### [DATA SEGMENT]
★ ★ ★ ★ ★

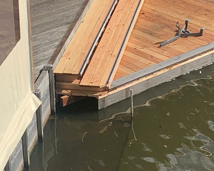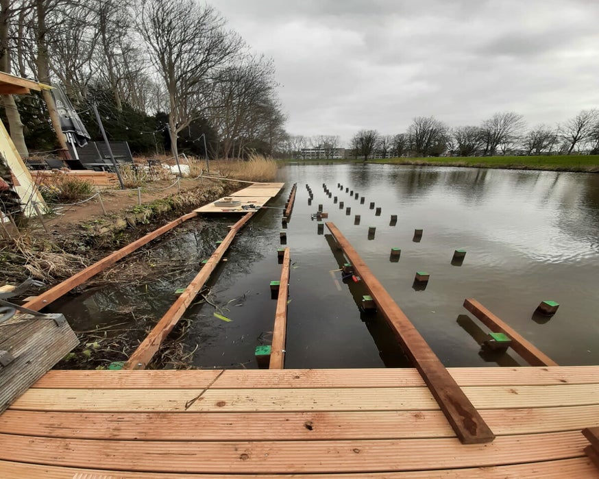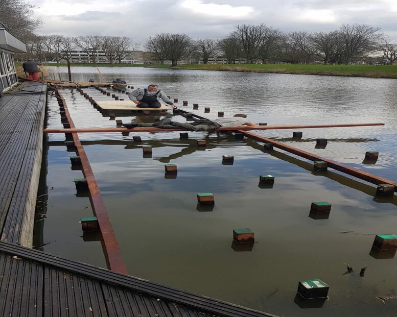 Vaarbassin van 14.40 meter lang, 7.20 meter breed en ca. 25 cm diep ( vaardiepte )
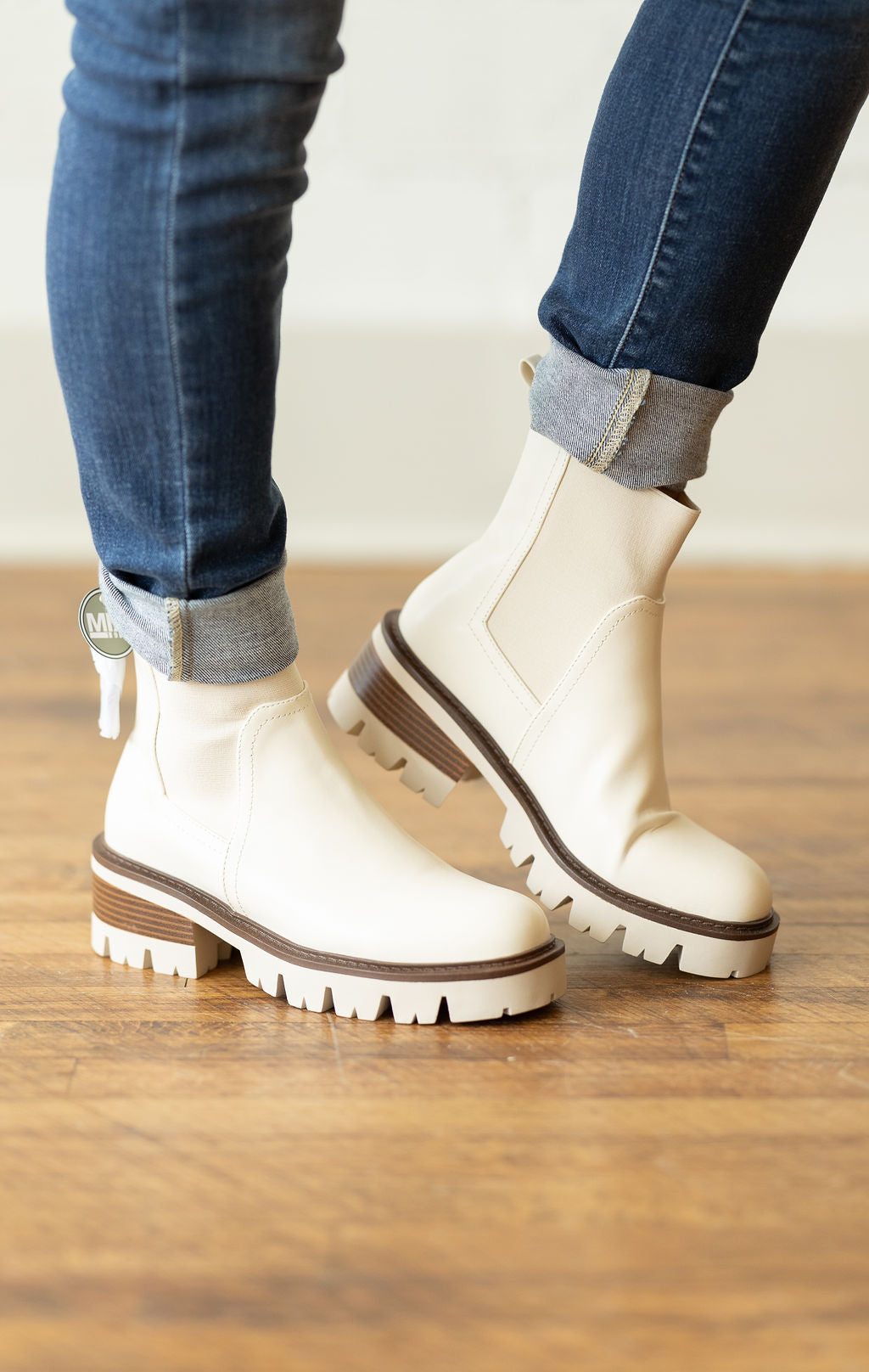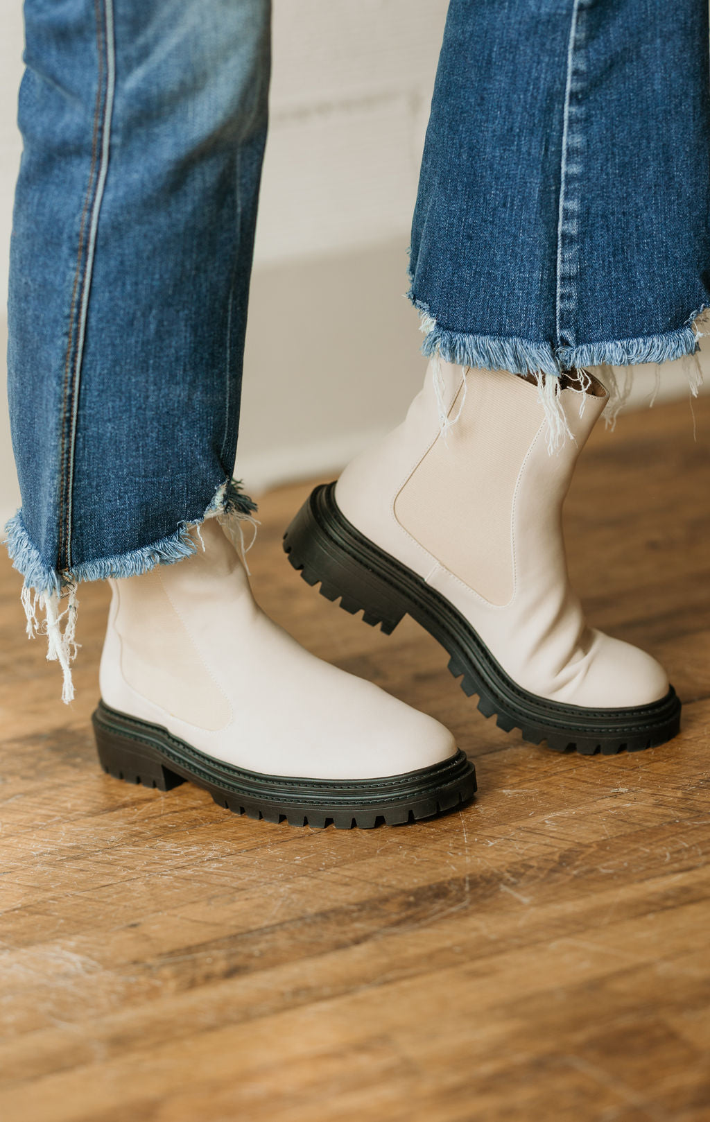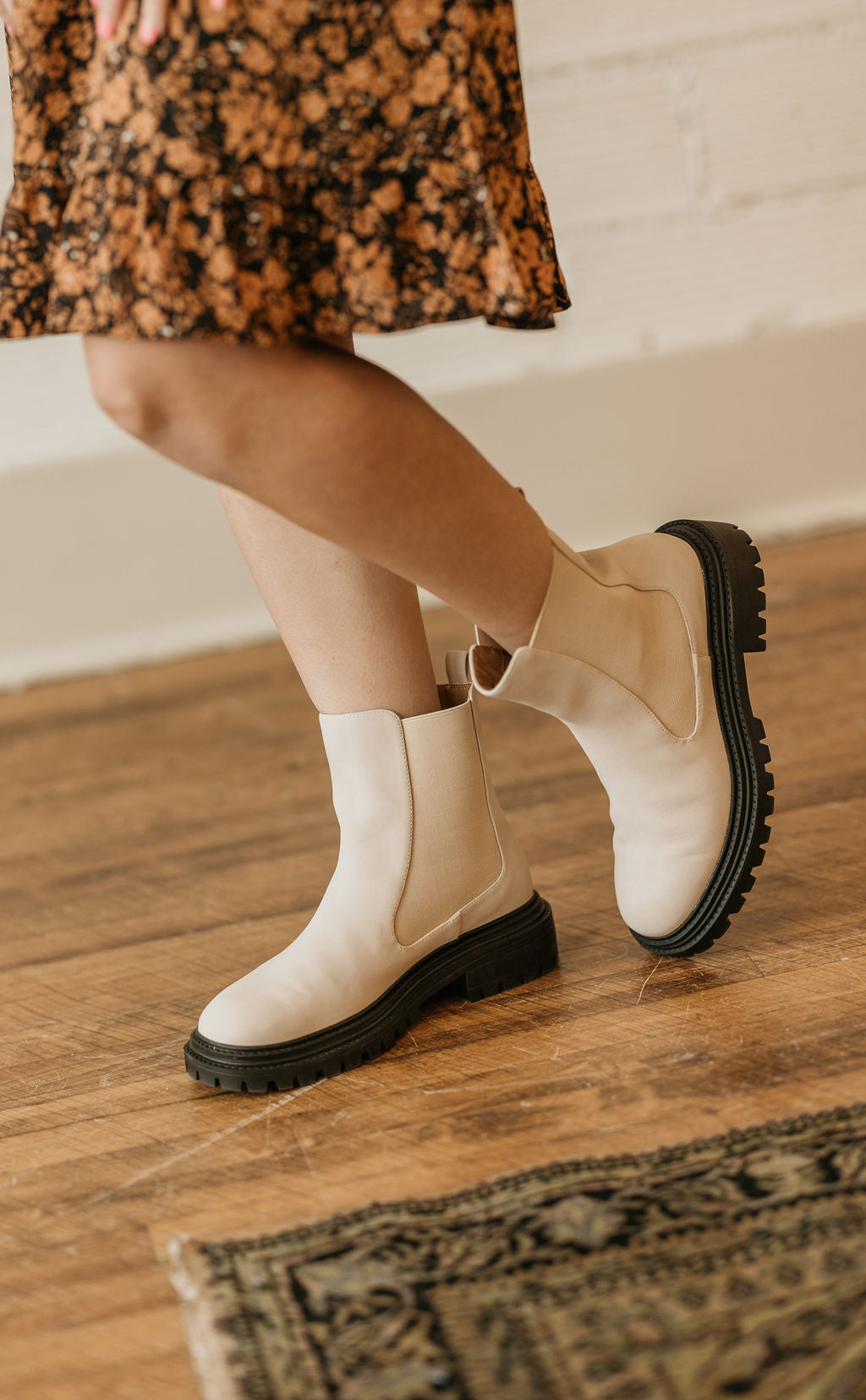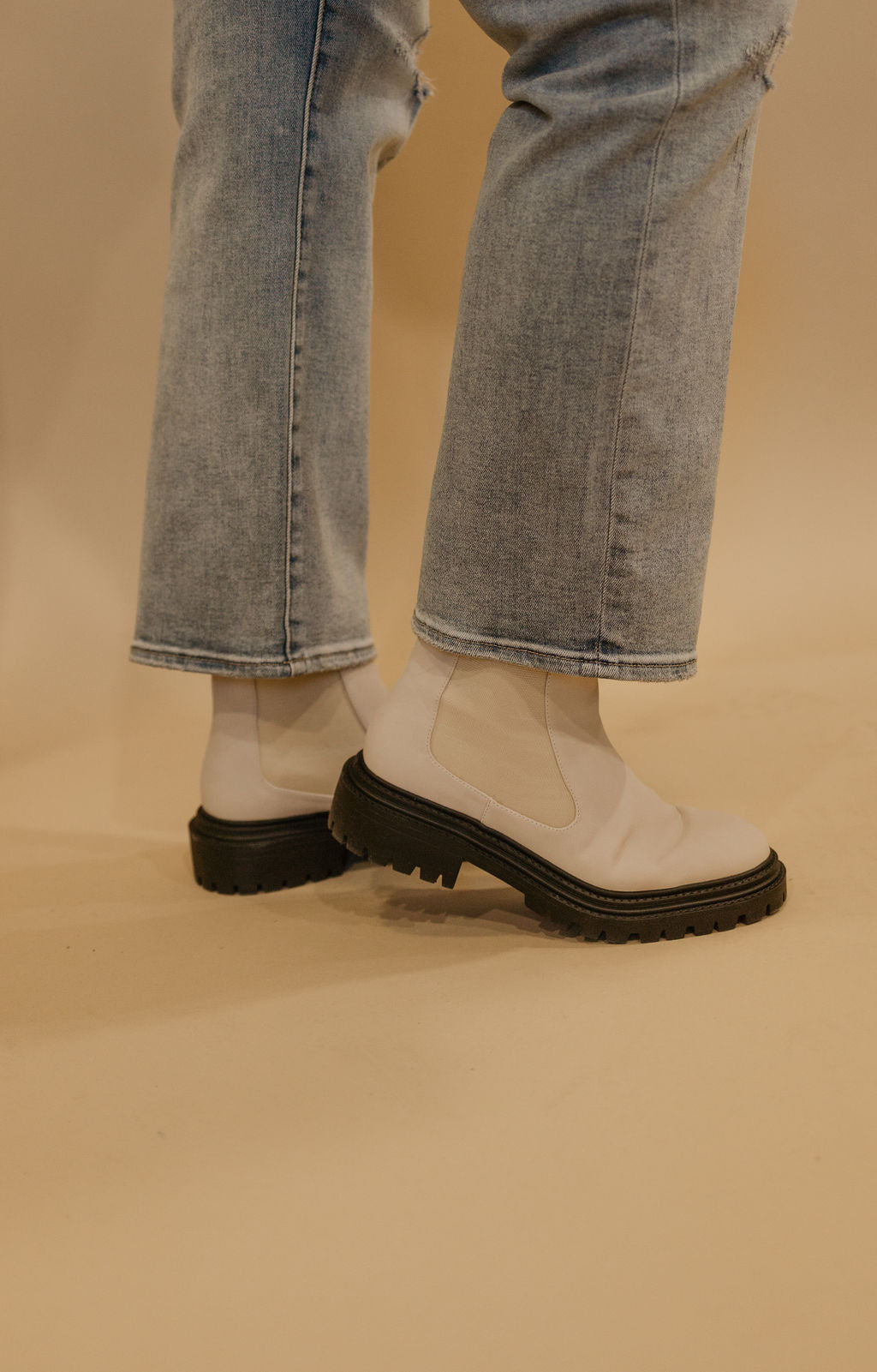 NESSA CREAM BOOTIE WITH BLACK SOLE
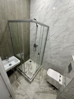 Кухня: новый кухонный гарнитур, встроенная варочная поверхность и мощная вытяжка. Есть место для посудомоечной машины. Смеситель с фильтром питьевой воды.

★ ★ ★ ★ ★

### [WORK REQUIRED]
Could you reproduce all of the material exactly? Keep the pictures out of it.

### [WRITTEN ANSWER]
 Vaarbassin van 14.40 meter lang, 7.20 meter breed en ca. 25 cm diep ( vaardiepte )
 NESSA CREAM BOOTIE WITH BLACK SOLE
 Кухня: новый кухонный гарнитур, встроенная варочная поверхность и мощная вытяжка. Есть место для посудомоечной машины. Смеситель с фильтром питьевой воды.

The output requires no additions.